Otro encuentro oportuno se dio pronto. De la mano de Álvaro Mutis llegaron unos libros. Entre ellos, Pedro Páramo, de Juan Rulfo, y El águila y la serpiente, de Martín Luis Guzmán.

Es probable que Rulfo haya terminado por resolver la dificultad que representaban los muertos en las ficciones. El escritor colombiano había escrito años antes que nuestra literatura era un inventario de muertos. Se refería a la mirada detenida en el horror de las muertes de la violencia. Sin embargo, en las narraciones de los abuelos primero, y ante un cuento que no acababa de solucionar, después, José Felix Fuenmayor le había aconsejado, deja hablar al muerto, los muertos hablan y se comunican con los vivos. Ahora en México tenía ante sí esa espléndida novela, sin afectaciones de verosimilitud y sí, amplificando el drama de los vivos.
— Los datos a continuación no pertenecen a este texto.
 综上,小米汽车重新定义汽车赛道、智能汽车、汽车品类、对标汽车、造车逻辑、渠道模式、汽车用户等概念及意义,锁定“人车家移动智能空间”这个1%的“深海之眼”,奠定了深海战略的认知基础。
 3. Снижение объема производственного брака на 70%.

Entre las poderosas intuiciones de Eligio García Márquez, me confió una que no alcanzó a desarrollar. Me afirmó que su hermano mayor era un hombre de suerte porque encontró en México una figura que de alguna manera reemplazó la desordenada generosidad de Álvaro Cepeda Samudio, su cercanía a lo mundano. Esa, fue Carlos Fuentes.

Días de incertidumbre, callejones sin salida de lo creativo, descontento, hasta el anuncio revelatorio de aquello que quería escribir y cuya feliz tiranía lo amarró a la mesa de escribir por años.
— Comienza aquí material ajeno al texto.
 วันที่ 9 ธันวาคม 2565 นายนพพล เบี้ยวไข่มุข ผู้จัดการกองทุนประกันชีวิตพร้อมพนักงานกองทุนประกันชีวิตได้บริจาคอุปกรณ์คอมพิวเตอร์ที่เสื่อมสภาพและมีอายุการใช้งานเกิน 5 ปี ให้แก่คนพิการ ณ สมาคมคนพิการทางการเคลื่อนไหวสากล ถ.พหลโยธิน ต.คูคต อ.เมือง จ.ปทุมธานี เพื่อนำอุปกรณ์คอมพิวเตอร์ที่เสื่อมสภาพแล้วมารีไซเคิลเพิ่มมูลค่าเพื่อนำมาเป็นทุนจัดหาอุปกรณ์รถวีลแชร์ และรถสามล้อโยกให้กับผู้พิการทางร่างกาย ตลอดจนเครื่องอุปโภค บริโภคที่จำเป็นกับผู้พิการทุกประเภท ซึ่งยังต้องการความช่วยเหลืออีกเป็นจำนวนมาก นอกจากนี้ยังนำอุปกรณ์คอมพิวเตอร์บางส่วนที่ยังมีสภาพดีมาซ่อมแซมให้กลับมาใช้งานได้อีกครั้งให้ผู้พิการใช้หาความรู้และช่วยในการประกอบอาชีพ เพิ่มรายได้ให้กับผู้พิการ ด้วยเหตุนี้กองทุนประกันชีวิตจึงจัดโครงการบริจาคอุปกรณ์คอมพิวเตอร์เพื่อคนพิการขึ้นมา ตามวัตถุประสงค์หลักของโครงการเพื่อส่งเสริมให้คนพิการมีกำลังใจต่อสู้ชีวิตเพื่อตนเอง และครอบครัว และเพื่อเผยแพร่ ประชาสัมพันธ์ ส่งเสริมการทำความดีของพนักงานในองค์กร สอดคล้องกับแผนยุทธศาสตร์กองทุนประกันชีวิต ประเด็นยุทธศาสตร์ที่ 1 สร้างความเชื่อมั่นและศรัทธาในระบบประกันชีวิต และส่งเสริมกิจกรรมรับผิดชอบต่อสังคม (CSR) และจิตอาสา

De las escasas señales sobre lo que hacía en su disciplinado encierro una ocurrió en el Festival de Cine de Cartagena de Indias. Él llegó con la delegación mexicana. Y de lo que más se habló fue de la esperanzada espera por María Félix y de una larga novela que el colombiano estaba escribiendo. Siempre contestó que era tan larga, un siglo, y con tantos nombres que se repetían que pensaba poner un árbol genealógico.
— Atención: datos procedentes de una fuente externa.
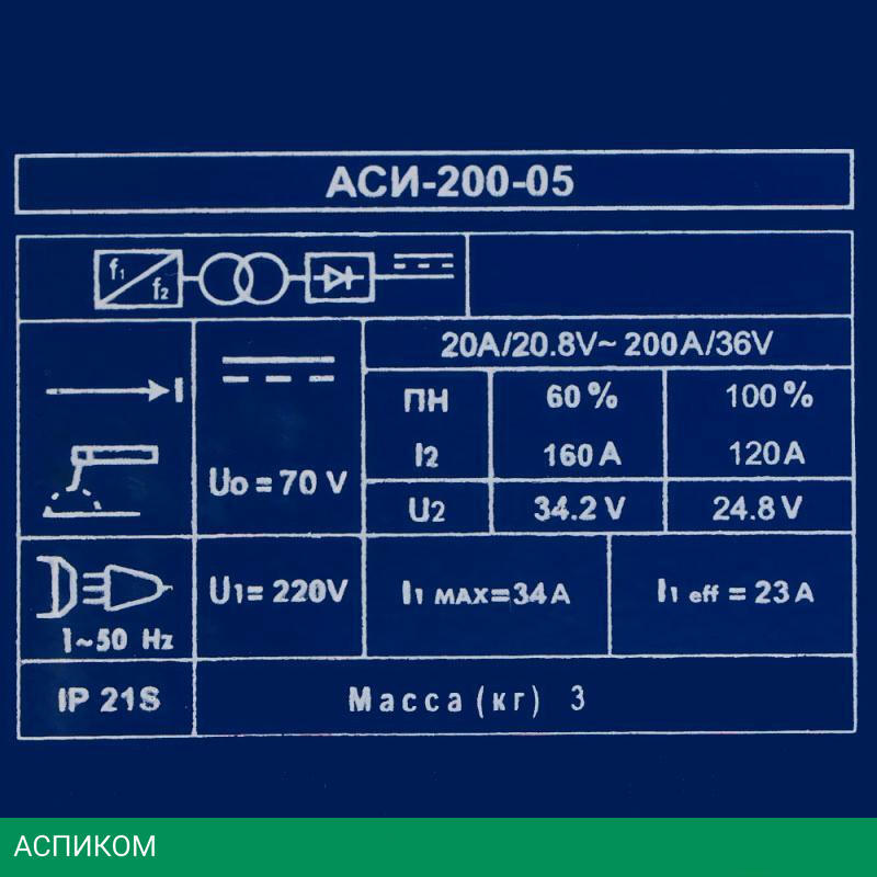 Регулятор установки значения диаметра электрода. Цифровой дисплей, отображающий величину сварочного тока. Плавная регулировка сварочного тока от 20-200 А. Постоянное значение сварочного тока независимое от напряжения сети. Металлический корпус защищает от внешних повреждений.

Así, hasta los primeros días de junio de 1967 cuando llegaron a Bogotá los primeros 15 ejemplares que recibió por un correo rápido la librería contemporánea, de los Villar y Marta Traba.

Eran otros tiempos y la administradora Alicia de Villar me dio al fiado tres ejemplares: uno para Eligio García Márquez, uno para la prima Susana, y otro para mí.

Para la generación de escritores a la cual pertenezco ocurrieron dos enseñanzas que generan gratitud eterna. Aprender a convivir con un monstruo sin ser devorado por él. Y ver cómo el conflictivo asunto en la novela de América, La selva de lo cual se burlaba Borges, había sido resuelto con un ambicioso poder de renovación literario y mediante impresionantes metáforas que mostraron la tensión entre lo duradero de lo arcaico y la voluntad de modernidad.

*Cuentista y novelista cartagenero. Autor de “La ceiba de la memoria”, novela ganadora del Premio de Narrativa Casa de las Américas 2009 y finalista del Premio Rómulo Gallegos 2010.